The gems and jewellery sector is overwhelmed with the Union Budget 2022-23. There is a swathe of favourable policy reforms announced that empowers the industry and
puts it on a firm footing to capitalise on growth opportunities in the coming decade, says a release by the The Gem and Jewellery Export Promotion Council
Reduction in customs duty on cut and polished diamonds and coloured gemstones from 7.5 per cent to 5 per cent and nil on sawn diamonds is a welcome move.
“The Indian gem & jewellery sector is one of the leading contributors to the national economy and the country is the undisputed leader in diamond processing. Reduction
in import duty on cut and polished diamonds to 5 per cent will further help in strengthening the sector and retain its leadership position,” says Colin Shah, Chairman, GJEPC.
“India has always aspired to be the ‘Jewellery Capital of the World’ but for that besides manufacturing we need trading as well. High duty on cut and polished diamonds
was impacting business and we were losing out to Dubai, Hong Kong and Antwerp. Lower duties will help us to bring that business to India,” he added.
Besides that, Shah explains that since Indian jewellery exporters have been working with retailers across the globe for years, there have been rejections, breakage,
repair etc. but these pieces of jewellery and gemstones could not be brought into the country because of high duties. “It will enable manufacturers to bring those back,” he said.
Nearly 10 per cent of the rough diamonds that come into India are sawn diamonds. Sawn diamonds are diamonds where the miner is sawing the diamond into half. So it
is a semi-processed rough diamond. “With a 7.5 per cent duty it was unviable to manufacture (cut and polish) the diamond in India. Now with the duty becoming nil we will be able to manufacture sawn diamonds in India,” Shah argued.
Another positive point is the extension of the Emergency Credit Line Guarantee Scheme (ECLGS) for MSMEs up to March 2023. This will benefit the sector as nearly 90
per cent of the gem and jewellery sector consists of MSMEs, explains Shah.
“Acceptance of personal surety bonds in place of bank guarantee for import of gold will meet our longstanding demand of simplifying duty free gold availability, especially
to the SME exporters of gold jewellery and revive the exports of plain gold jewellery. Bank guarantees led to blockage of capital. Surety bonds will lead to unlocking of capital for all our manufacturers. This will increase liquidity and help gold jewellery
exports,” added Shah.
Shah is also pleased with the announcement of a simplified regulatory framework by June 2022 to facilitate gem and jewellery exports through the e-commerce route.
“This will ensure that jewellers from every district in the country are able to ship their products overseas in a fast and economical manner. This is the need of the
hour as the e-commerce sales of jewellery are growing exponentially in US and the consuming markets. The broad basing of the exports through this measure have the potential to grow the exports from this sector to $100 billion in the next 5 years,” he said.

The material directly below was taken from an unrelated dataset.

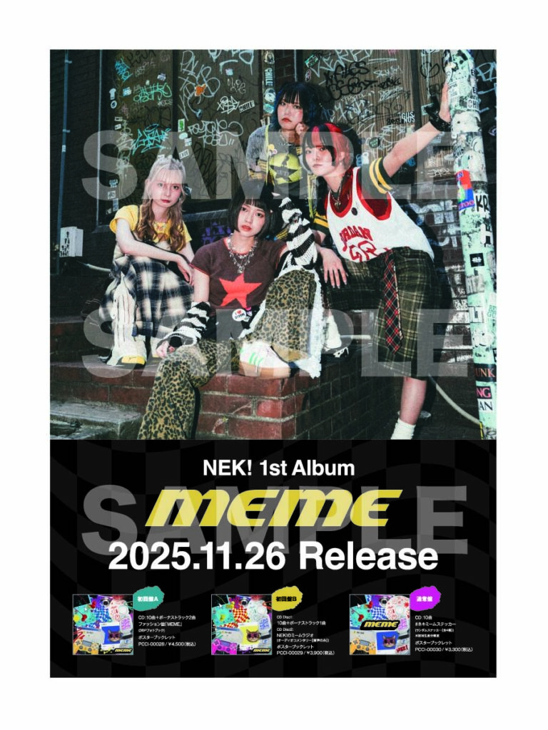 その他にも、リリースを記念したキャンペーンは多数開催中。リリース直後の11月28日に横浜ReNY betaで開催する『NEK! 1st アルバム「MEME」リリース記念ワンマンライブ』のチケットは完売しているが、その翌日にはタワーレコードの対象店舗にて『MEME』を購入した方が参加出来るタワーレコード渋谷店でのインストアイベントが開催される。また、タワーレコード渋谷店、新宿店、町田店ではサイン入りパネル展示も開催。

The finance minister’s announcement to bring in a new SEZ regime by changing the SEZ Act will also benefit the gems and jewellery sector.
“The exports from SEZ are growing at a rapid pace and have the potential of getting FDI in manufacturing and exports of jewellery from SEZ and take the country’s exports
to one trillion dollars within the next three years,” he added.
Currently India is the second-largest exporter of gold jewellery in the world, next to China. Studded Gold jewellery exports for the period April 2021 to December
2021 grew by 56 per cent to $4084.37 million as compared to $2615.09 million for the same period of 2019. However, exports of plain gold jewellery for the period of April 2021 to Dec 2021 declined by 57.47 per cent to $2830.84 million as compared to $6655.84
million for the same period of 2019.
The overall gem and jewellery exports from April 2021 to December 2021, grew 5.76 per cent to $29084.0 million as compared to compared to $27500.85 million for the
same period in 2019.
“This year we will end the year between $35-40 billion. We aspire to go to $70 billion in the next three years and to $100 billion in the next 5-7 years,” said Shah.